Jim McDougal’s relationships with top Arkansas politicians date back to the 1960s, when he and Jim Guy Tucker, today Arkansas’s governor, were Young Democrat activists. Clinton and McDougal became pals when they both worked for Sen. J. William Fulbright in the late 1960s. After teaching at Ouachita Baptist College, McDougal went into real estate. Two early partners were Bill and Hillary Clinton. In 1978, McDougal persuaded them to become partners with him and his wife, Susan, in a deal called Whitewater Development Corp., which was supposed to turn a tract in the Ozarks into a retirement or vacation subdivision.
In the early 1980s, McDougal set out to ride the speculative steamroller. He acquired Madison Guaranty Savings, a little-known institution. Under McDougal, the thrift’s financial portfolio grew rapidly, from $10 million in assets in 1983 to $123 million by 1986. He and some of his associates indulged themselves in the usual pleasures of 1980s thrift barons: the jaguars, the Mercedeses, the $500,000 homes. McDougal aggressively peddled real-estate deals with TV ads featuring McDougal’s glamorous wife on horseback and his brother-in-law, James Henley, a former Baptist minister and social worker who introduced himself to TV viewers as Jim (Friendly) Henley
By 1986 regulators were moving in on Madison Guaranty, which they feared was radically overextended. In 1990 McDougal and two brothers-in-law were tried on charges of bank fraud and conspiracy after McDougal, a manic-depressive reformed alcoholic, failed in an attempt to get himself declared mentally unfit for trial, according to reports. McDougal and the others were cleared, but when his friend Bill Clinton ran for president two years later, the national press began nosing into their business dealings. The New York Times revealed that as governor, Clinton had been in business with a man whose thrift was regulated by his own state agencies. But after lawyers hired by the Clinton campaign to review the deal reported that the Clintons had lost nearly $69,000 in the deal and were only passive investors, the story died rapidly. Last December the Clintons sold their virtually worthless interest in Whitewater back to McDougal. The transaction was handled by the then Little Rock lawyer Vince Foster, who shot himself to death July 20 while serving as Clinton’s deputy White House counsel.

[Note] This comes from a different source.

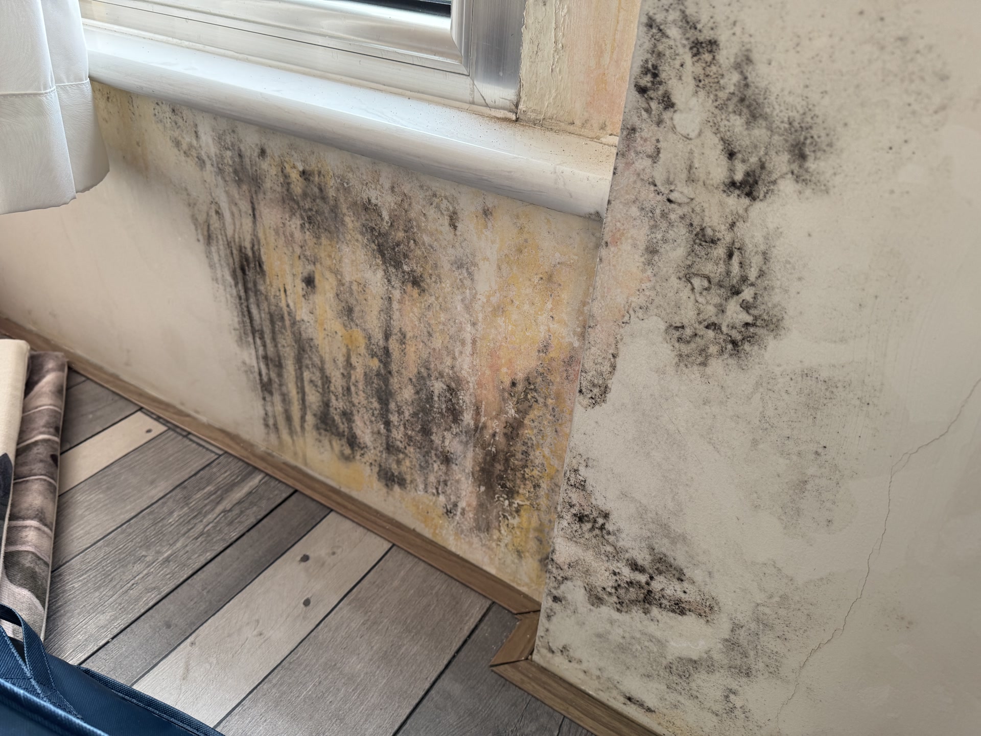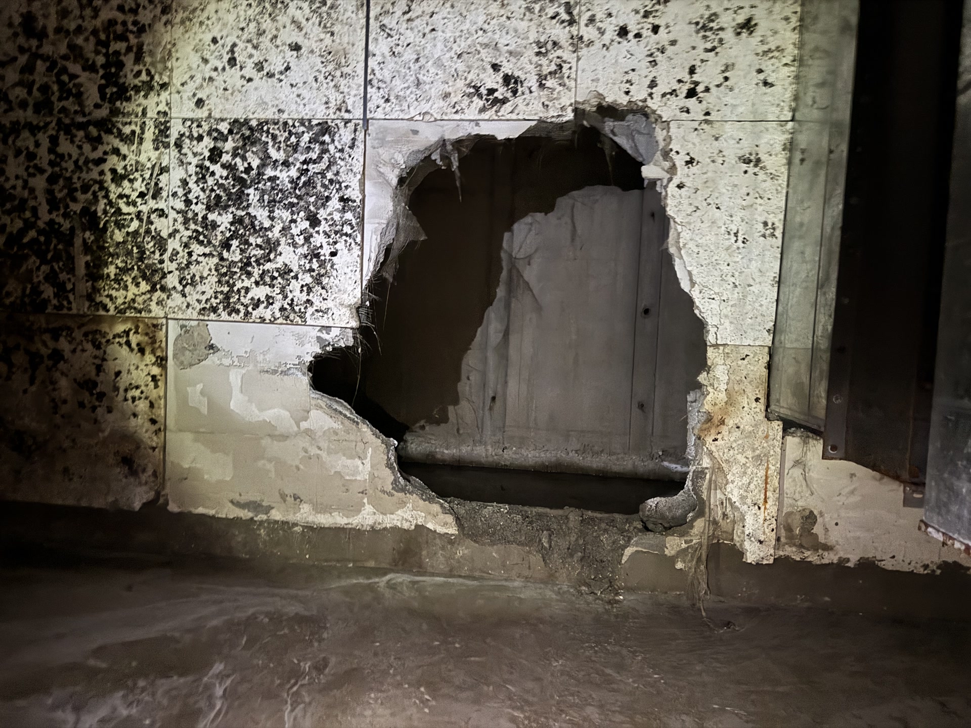 更严重的渗漏是在设备机房。刚迈进设备机房的门,记者便一脚踩进水坑。只见地面一片潮湿,墙壁和屋顶布满黑色霉斑,最里侧的墙壁被砸开一个大洞。打着手电往洞里望去,墙内有一个四五平方米的夹层,里边存着十多厘米深的积水。
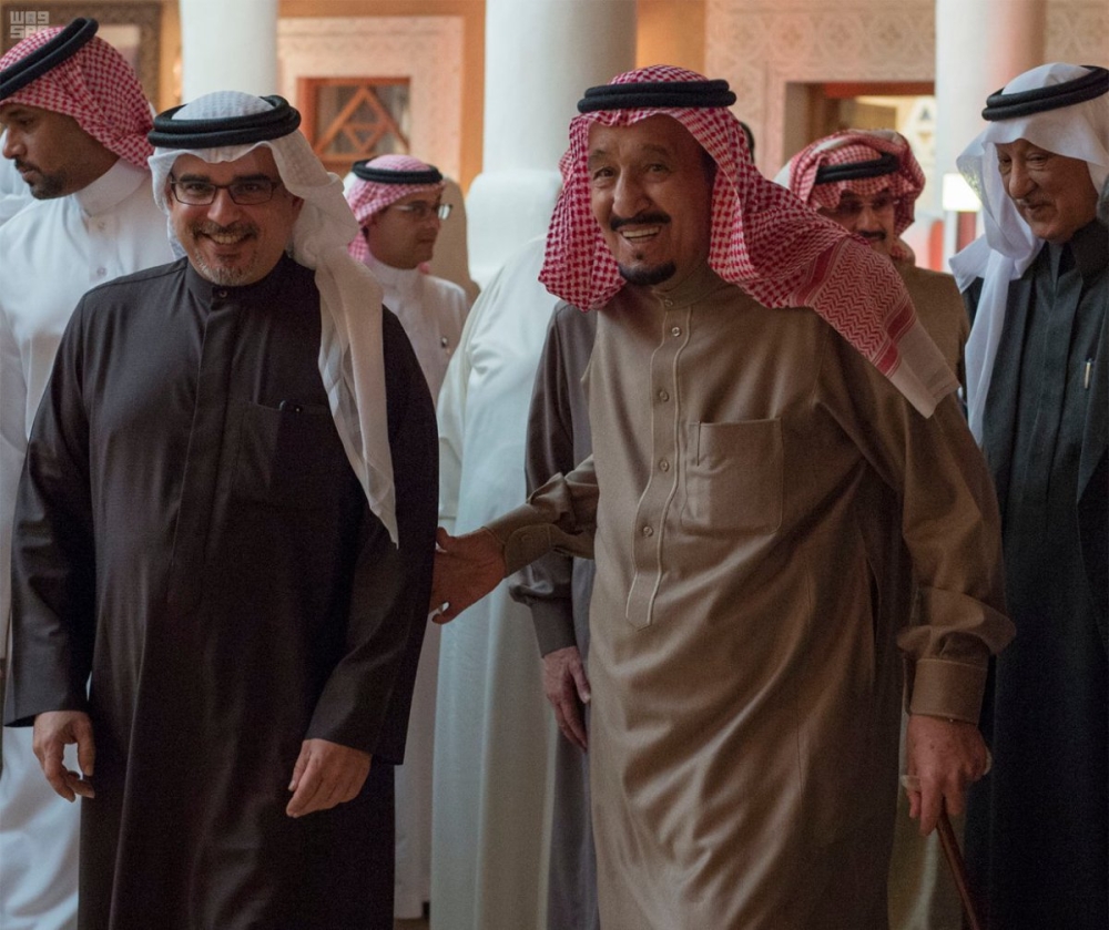 استقبل خادم الحرمين الشريفين الملك سلمان بن عبدالعزيز في قصر العوجا بالدرعية اليوم الأمير سلمان بن حمد آل خليفة ولي العهد نائب القائد الأعلى النائب الأول لرئيس مجلس الوزراء بمملكة البحرين والوفد المرافق له.

Last week, however, the Clinton-McDougal partnership resurfaced, raising more potentially damaging questions. This time the most intriguing developments involved a retired part-time Little Rock judge named David Hale. The owner of a tiny investment fund that made government-subsidized loans to socially disadvantaged businessmen, Hale was indicted in September on charges of defrauding the Small Business Administration. (He pleaded not guilty.) Two months before, the FBI had raided Hale’s office and taken away files on several transactions, including a $300,000 loan Hale’s company had made in April 1986 to a company run by Susan McDougal. In a telephone interview with NEWSWEEK, Hale maintained that both Jim McDougal and Clinton had directly urged him to make the loan to help bail them out of unspecified financial problems. McDougal denies that the conversations ever took place.
Some of the loan was used to buy a parcel of property whose title was transferred to Whitewater Development Corp. Whitewater, of course, hardly qualifies as a socially disadvantaged small business. McDougal’s lawyer insists that the Clintons had no knowledge of the transaction. In an eerie coincidence, a federal magistrate in Little Rock signed the search warrant authorizing the raid on Hale’s office only hours before Foster’s mysterious suicide. Although there is no evidence to show that Foster found out about the pending FBI raid, or had anything to do with the matters under investigation, the timing fanned media interest.
The White House strategy last week appeared to be to try to contain the story by treating it with contempt. Spokesmen ridiculed the suggestion that the Clintons were ever aware of specific financial dealings by Whitewater Development. The president, asked about the Whitewater tangle during a photo opportunity, insisted: “We did nothing improper.” He added: “Old story.” But the media continued to look for new revelations, in large part because of its ongoing fascination with the Foster suicide and a revived interest in the Arkansas milieu from which Clinton and his coterie emerged.